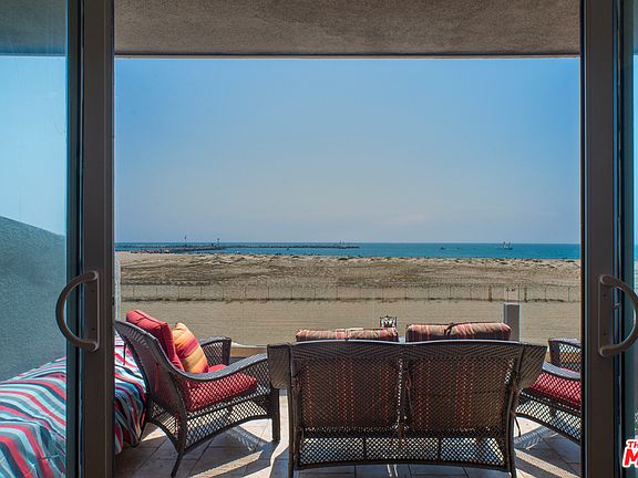 Fabulous ocean front, top floor condo on the Marina del Rey Peninsula! This airy, split-level 3 bed/3 bath unit has been tastefully updated. Features include hardwood flooring, Lutron lighting and a two sided electric fireplace in living/master. The custom kitchen has beautiful cherry wood cabinets, granite counters and stainless appliances including Bosch dishwasher! 3 full bathrooms! There is an in-unit stacking laundry in addition to the community laundry room. Sliding glass doors from both the living room and master bedroom offer amazing views of the ocean from Catalina to Malibu. Enjoy the sunsets and sailboats from the large double size balcony. Ample closets/storage with walk-in in the master bedroom. Upstairs bedroom/den/office has wood burning fireplace and private 3rd bedroom downstairs. Gated community garage with 2 car parking. Voyage St. is located at the quiet Southern end of the peninsula just a short walk to the Jetty and Washington Blvd. shops and restaurants. Pets under 25 lbs. considered with deposit. Renters insurance required.
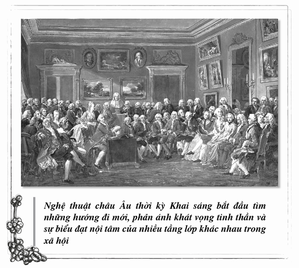 Với niềm tin duy lý về vũ trụ và tầm nhìn lạc quan về một xã hội lý tưởng hậu quân chủ, các nhà triết học Khai sáng đã định hình vai trò mới cho nghệ thuật. Nếu quá khứ, nghệ thuật phục vụ giới quý tộc, nhà thờ và nhà nước, thì trong xã hội mới, nghệ thuật phải “vì con người”, phải là đạo đức thay vì vô đạo đức, và dạy con người đúng sai. Đây là bước ngoặt quan trọng của thế giới nghệ thuật, xác định nhiệm vụ của nghệ thuật hướng đến việc tạo giá trị cho công chúng, xã hội. Giới nghệ thuật bắt đầu có sự thấu đạt về bản thân, xã hội, mang khát vọng khám phá và thử nghiệm những điều mới mẻ. Các tác phẩm nghệ thuật nhấn mạnh vào tính khách quan, chân lý thực nghiệm hơn là sự trừu tượng, vĩ đại.
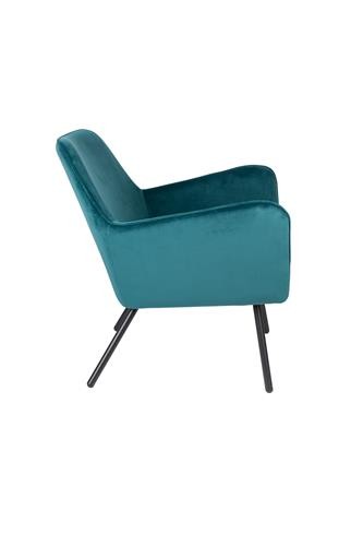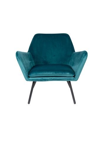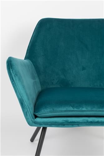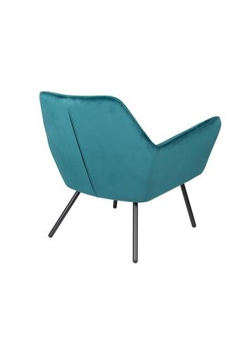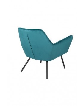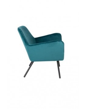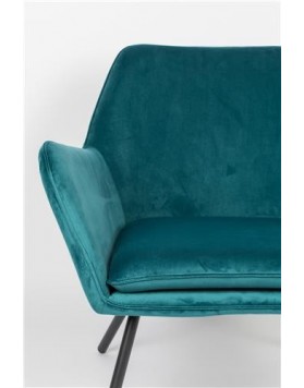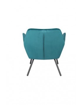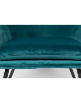 Butaca nórdica con tapizado en cuero PU vintage (para acabados marrón y gris oscuro) o tejido de poliéster aterciopelado (para acabados dorado, azul y verde), carcasa de madera contrachapada y asiento de espuma. Estructura de hierro pintado de negro.
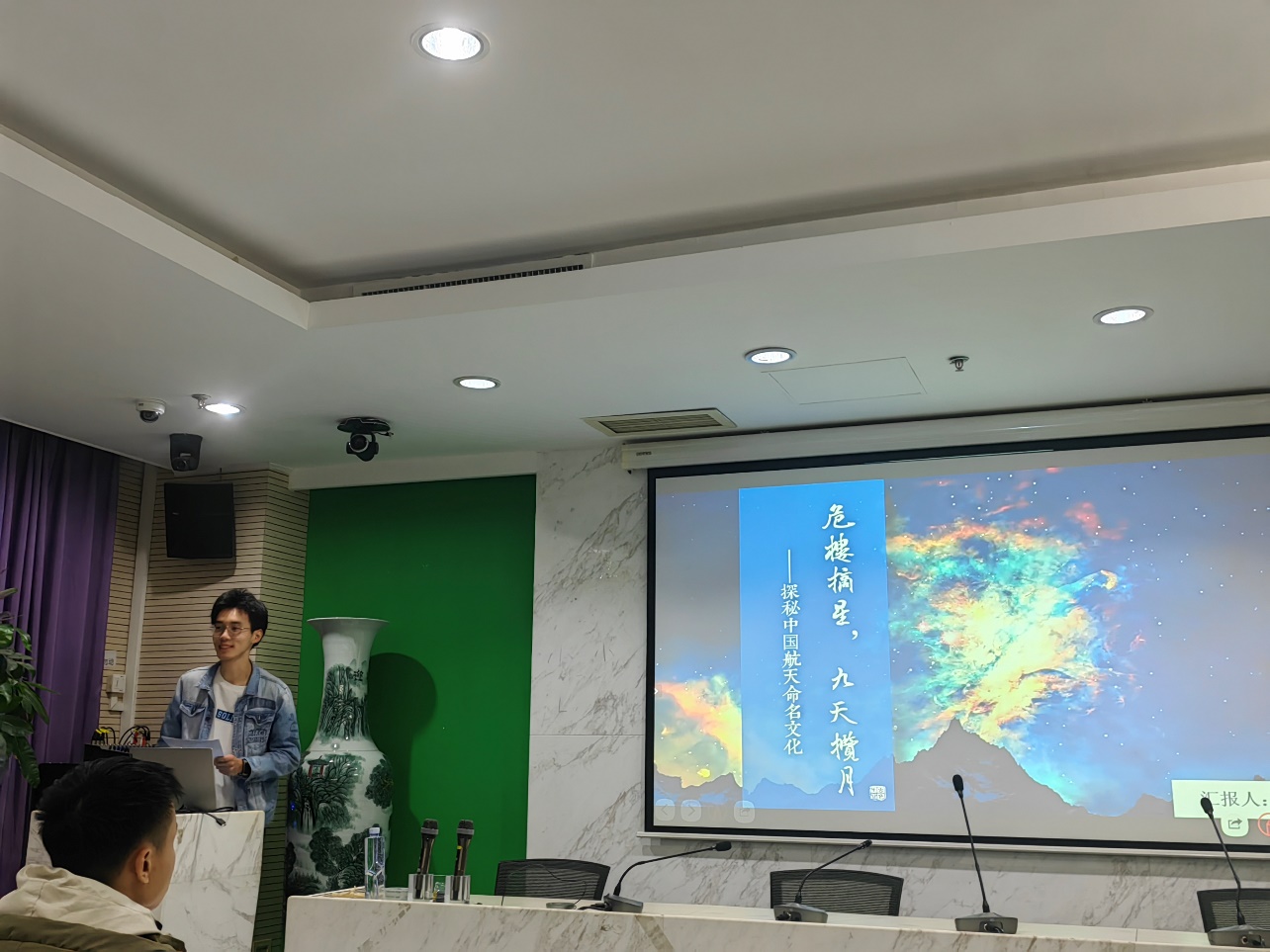 接着,由唐宇辰讲师带来关于“中国航天的命名文化”的宣讲,以小切口展现大背景,讲述了中国航天科技成果命名的原因与重要意义。透过一次次的命名,团员们看见了古人对于宇宙的不懈探索、今人对于情怀的浪漫拥抱。这些富有深意的命名不仅来自源远流长的中华文化,也彰显了航天人的优秀品质。

Try it:
Starting with the line that contains "Butaca nórdica con", reproduce every line down to the end of the listing above, both endpoints included. Pictures stay out.

Final answer:
 Butaca nórdica con tapizado en cuero PU vintage (para acabados marrón y gris oscuro) o tejido de poliéster aterciopelado (para acabados dorado, azul y verde), carcasa de madera contrachapada y asiento de espuma. Estructura de hierro pintado de negro.
 接着,由唐宇辰讲师带来关于“中国航天的命名文化”的宣讲,以小切口展现大背景,讲述了中国航天科技成果命名的原因与重要意义。透过一次次的命名,团员们看见了古人对于宇宙的不懈探索、今人对于情怀的浪漫拥抱。这些富有深意的命名不仅来自源远流长的中华文化,也彰显了航天人的优秀品质。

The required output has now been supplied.